Le verdict du Conseil Constitutionnel concernant les recours des législatives en Côte d’Ivoire vient de tomber. Le candidat RHDP Siandou Fofana, ministre du tourisme, qui rappelons-le, s’était déclaré vainqueur des législatives dans la circonscription de Port-Bouet, n’a pas eu gain de cause. Même son de cloche pour la candidate indépendante Fleur Aké M’Bo dans la circonscription d’Agboville. Sa réaction après le verdict du conseil Constitutionnel n’aura pas tardé : «Nous nous attendions à ce que le Président et les juges siègent pour délibérer et vider le contentieux mais nous sommes surpris comme vous d’apprendre par les médias la décision du Conseil Constitutionnel. De report en report, le RHDP réussi à tordre le cou de la Loi. Nous doutions certes de la partialité du Conseil Constitutionnel mais nous nous sommes légitimement dit que l’ampleur des irrégularités permettrait, à défaut de déclarer un vainqueur, d’ordonner au moins par un sursaut de lucidité et un élan d’indépendance, la reprise de l’élection comme notre requête le recommandait.

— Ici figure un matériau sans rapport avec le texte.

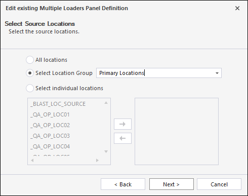 Use the Select Source Locations page to configure the source locations to be shown in the panel.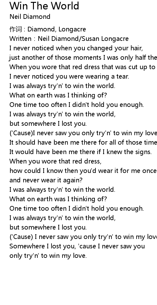 | I was always try'n' to win the world, | |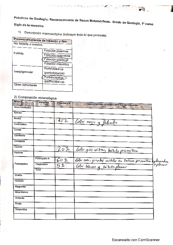 Fichas ígneas y metamórficas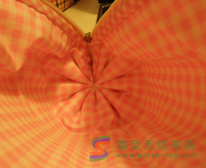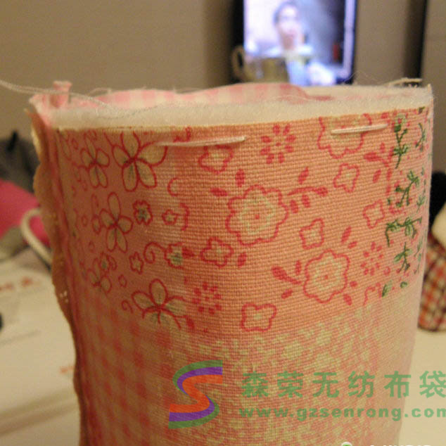 第二步,收緊兩頭做出圓筒狀。這一步看起來難,其實(shí)非常簡單。針穿透全部的表里布以及鋪棉,采用平針疏縫,但是間距要大,(如果間距太小拉緊的時(shí)候會(huì)比較吃力),而且間距注意要均勻(包型對(duì)稱漂亮就靠它了),如果不成功可以多試幾次。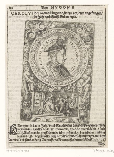 Editor: This engraving, "Portret van Frans I van Valois-Angoulême, koning van Frankrijk," by Jost Amman, dates back to 1598. The tight hatching of the pen work lends a great sense of texture. I'm struck by the contrast between the detailed portrait and the looser sketch of a battle scene below. How would you interpret the choices Amman makes in composing this print? Curator: Aesthetically, the division Amman creates between the portrait and the battle narrative contributes to a formal tension within the composition. Note the contrast in the application of line weight. The density and precision dedicated to rendering the royal figure command the eye, reflecting an emphasis on the individual. However, the compressed scene below hints at wider historical forces and the contextual background of his reign. Editor: It's interesting you point out the difference in the linework. So you're suggesting that contrast between styles serves to highlight specific elements within the piece, placing them in a visual hierarchy? Curator: Precisely. Also, consider how Amman manipulates the frame—the circular border around the portrait, compared with the rectangular field of the battle. It imposes a visual structure to guide our reading. The carefully detailed frame draws the eye inwards towards Francis' likeness, and this formal element establishes a separation from and an order over the depicted chaotic battle, giving order to the representation. Editor: So, it's less about accurately depicting a historical moment and more about using visual techniques to create meaning within the print itself. Curator: Indeed. It's in the meticulous construction and formal qualities of the work itself that the print's impact truly resides. The artist manipulates medium and arrangement to underscore key concepts within. Editor: I see. Thanks for showing how paying attention to these internal relationships allows us to find deeper significance. Curator: My pleasure. Attending to such structural details reveals so much.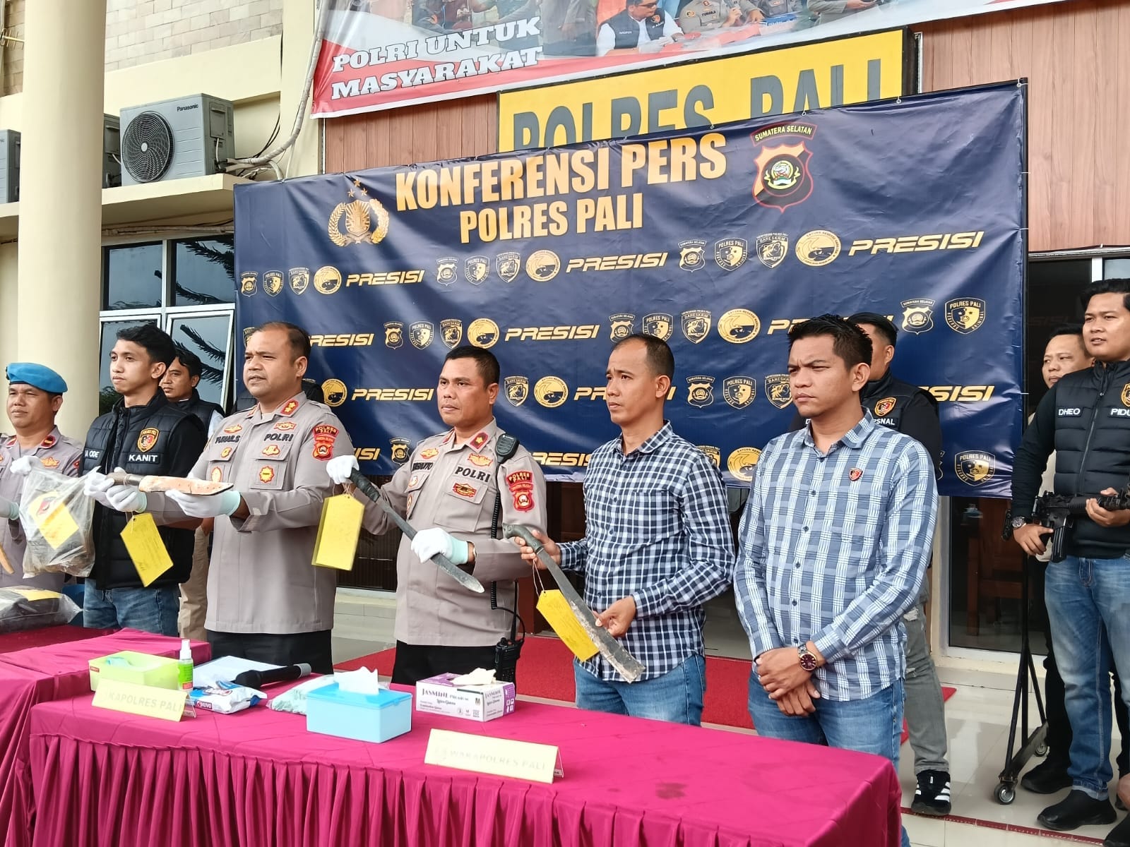 AKBP Yunar Hotma Parulian Sirait, S.H., S.I.K., M.I.K, Kapolres kab Pali didampingi Wakapolres, memberikan keterangan bahwa Kepolisian Resort, telah berhasil mengamankan Dua (2) tersangka, terkait dua korban ditemukan di kebun sawit Desa Sungai Ibul Kecamatan Talang Ubi.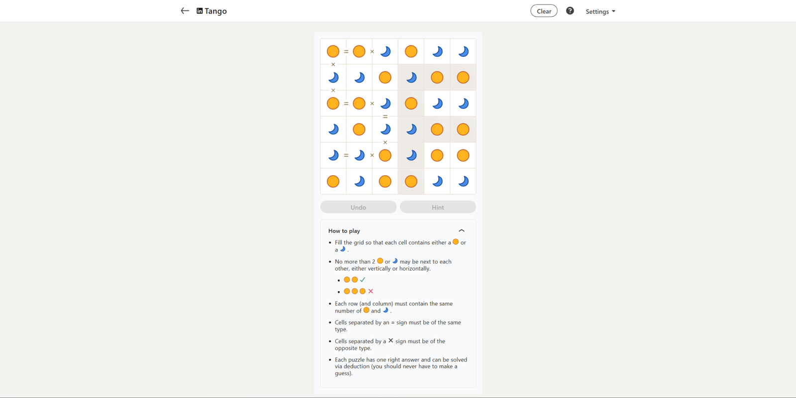 Сегодняшняя головоломка Tango особенно проста. С девятью уже заполненными клетками и хорошим количеством подсказок, её должно быть очень легко решить.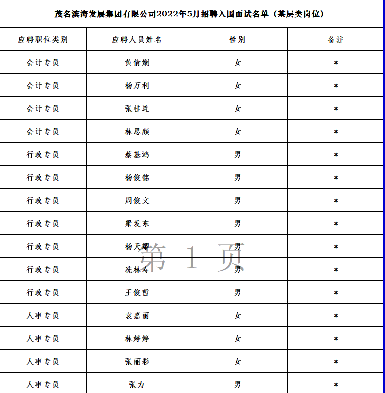 茂名濱海發展集團有限公司2022年5月招聘擬入圍體檢名單公示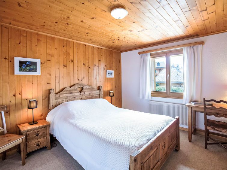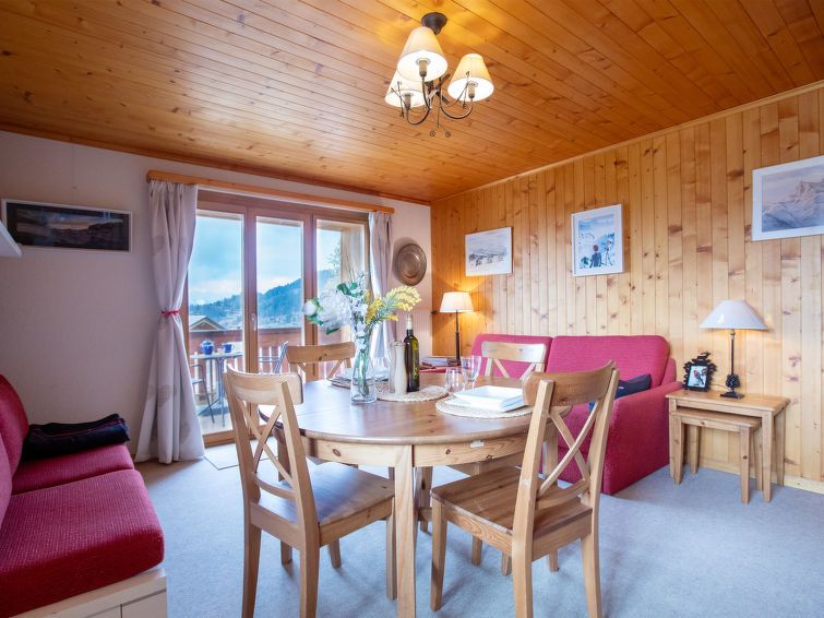 "Montagnards 12", 2-room apartment on 2nd floor. Practical and comfortable furnishings: living/dining room with dining table. Exit to the balcony, south facing position and east facing position. 1 room with 1 french bed (1 x 160 cm). Kitchen (oven, dishwasher, 4 gas rings, toaster, kettle, microwave, electric coffee machine, Capsules for coffee machine (Nespresso Vertuo) extra, raclette grill, fondue Set (cheese)).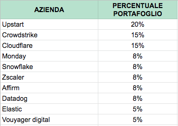 Quello che però farò dal 1° ottobre è registrare le performance che farei con un portafoglio limitato a 10 top company. Questo esperimento, che chiamerò “Golden ten”, mi servirà per capire se può valer la pena limitare gli investimenti a una ristretta rosa di aziende. Le prime 10 che ho selezionato con relativo peso sul portafoglio sono: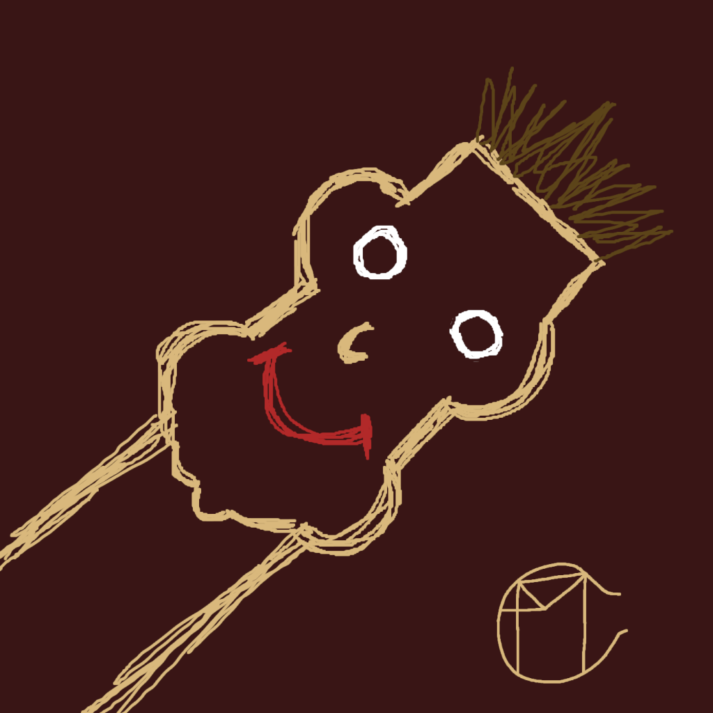 A long tan face with an even longer neck stretching from the bottom left corner to spikey brown hair in the top right corner. The eyes are white unfilled circles. The lips are a red smile with straight lined dimples. The nose is a single curve in the same color as the face. The background is burgundy. (GIMP2, artist mark)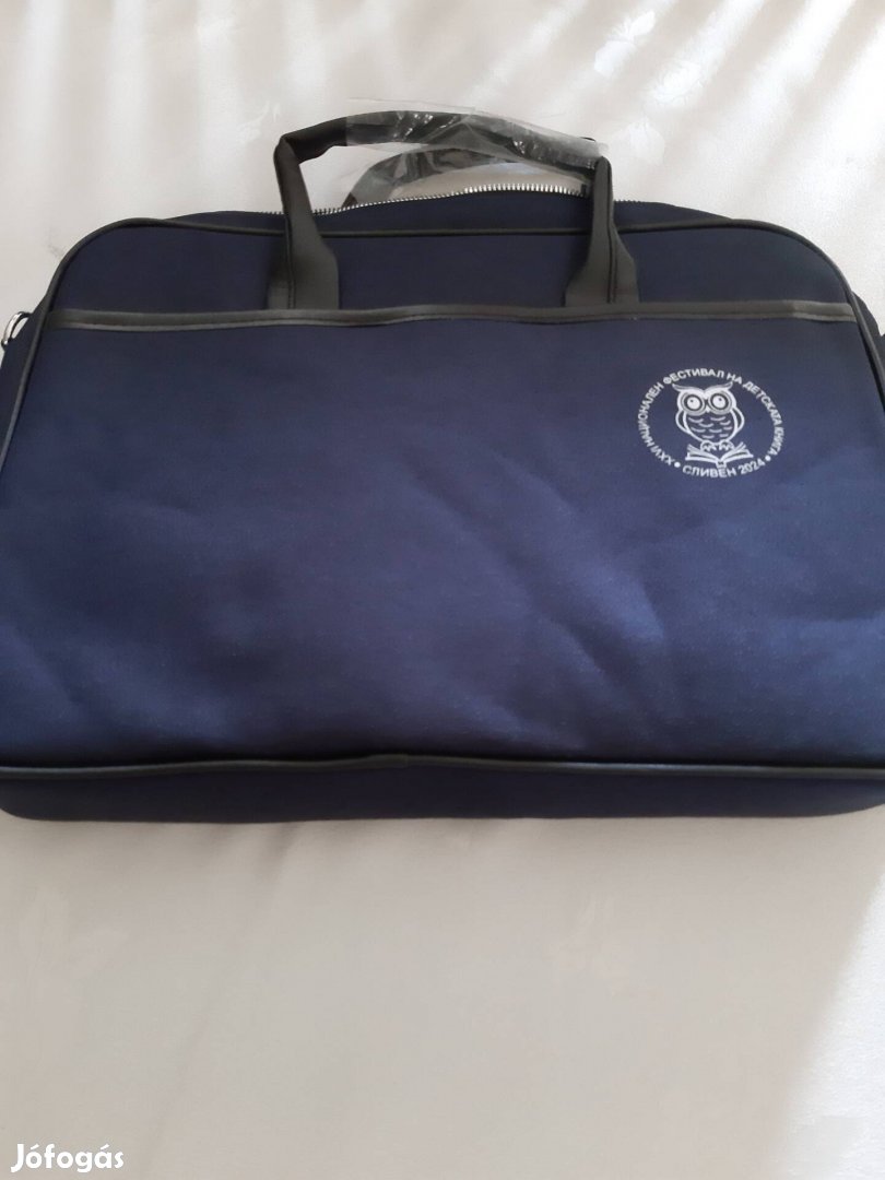 Teljesen új sötétkék laptop táska eladó. Két rekeszes, elől zippzáras . Mérete: 43x30 cm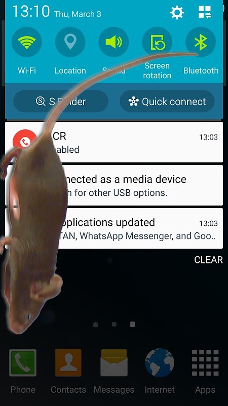 "Ratón en Pantalla de Broma" es una aplicación de entretenimiento que mostrará una animación de un ratón peludo en la pantalla de tu teléfono. El animal caminará de un lado a otro de la pantalla. El ratón correrá, mirará alrededor, olfateará y saldrá corriendo. La horripilante animación del mamífero aparecerá siempre en primer plano. No importa lo que estés haciendo, si estás navegando por Internet, jugando a un juego o escribiendo un correo electrónico, la alimaña estará siempre visible. Puedes configurar en qué esquina de la pantalla se puede mover el animal. El efecto aterrador del roedor es tan realista que puedes asustar a tus amigos de una manera fácil. Pueden llegar a creer que un ratón real está caminando por la pantalla de su teléfono.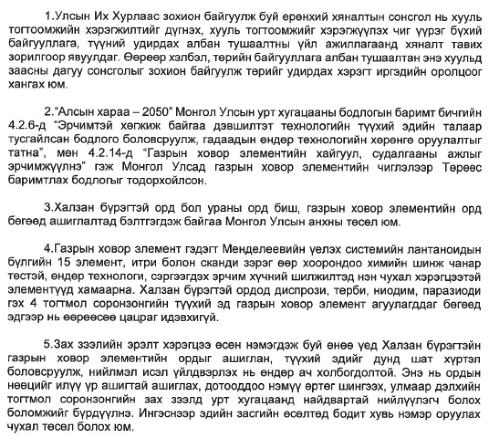 1.Монгол Улсын газрын ховор элемент хайгуул, ашиглалтын үйл ажиллагаа явуулах эрх зүйн орчин дахь тулгамдсан асуудал, хуулийн нийцлийг хангах, давхардлыг арилгах талаар Улсын Их Хурлын гишүүдийн зүгээс санаачилга гаргах. Тухайлбал: газрын ховор элементийн хайгуул, ашиглалтын үйл ажиллагаа явуулах, гадаадын хөрөнгө оруулалт татахад саад учруулж, давхардал үүсгэж буй Ашигт малтмалын тухай хууль болон Цөмийн энергийн тухай хуулиудын хийдлийг арилгаж, цаашид энэ чиглэлийн үйл ажиллагаа явуулах эрх зүйн орчныг тодорхой болгох хууль тогтоомжид өөрчлөлт оруулах санал боловсруулах;

Pour une question d’éthique en politique, nous espérions que le DROIT soit dit. Hélas !  Parlant du fond de ma requête, doit on valider des PV sans stickers ? A quoi sert il  donc d’en acquérir si on peut aisément s’en passer alors que le Président de la CEI prétend le contraire et argue que l’utilisation de ces hologrammes ( stickers ) constitue un moyen supplémentaire de transparence ?  Qu’est ce qu’on fait quand plus de 50 % des PV sont sans stickers, donc non valides ?  Doit on quand même valider la « victoire » d’un candidat en dépit des graves irrégularités entachant irrémédiablement la sincérité du scrutin ?», s’interroge la candidate malheureuse aux législatives.

Refus de féliciter Bictogo

Persuadée de sa victoire, en dépit du verdict du Conseil Constitutionnel, la candidate Fleur Aké M’Bo a refusé d’adresser ses félicitations au vainqueur, à savoir le ministre Adama Bictogo : «Certains des miens, m’ont suggéré de féliciter au nom des codes politiques le « vainqueur », est-il moralement indiqué de féliciter quelqu’un qui a perdu et qui s’est vu déclaré vainqueur par des institutions aux ordres ? Ne faisons pas nous prime à la forfaiture en empruntant le chemin de l’hypocrisie ? Mon éducation ne me permet pas de féliciter celui qui n’a pas de mérite.  Par contre, je lui souhaite bon vent et j’espère qu’il aura pour cette législature un peu de temps pour défendre le pouvoir d’achat des populations, dénoncer les problèmes de l’enseignement, s’insurger contre la politique de santé qui est mauvaise et interpeller le gouvernement sur les problèmes de drogue et de sécurité publique.», lance la candidate malheureuse.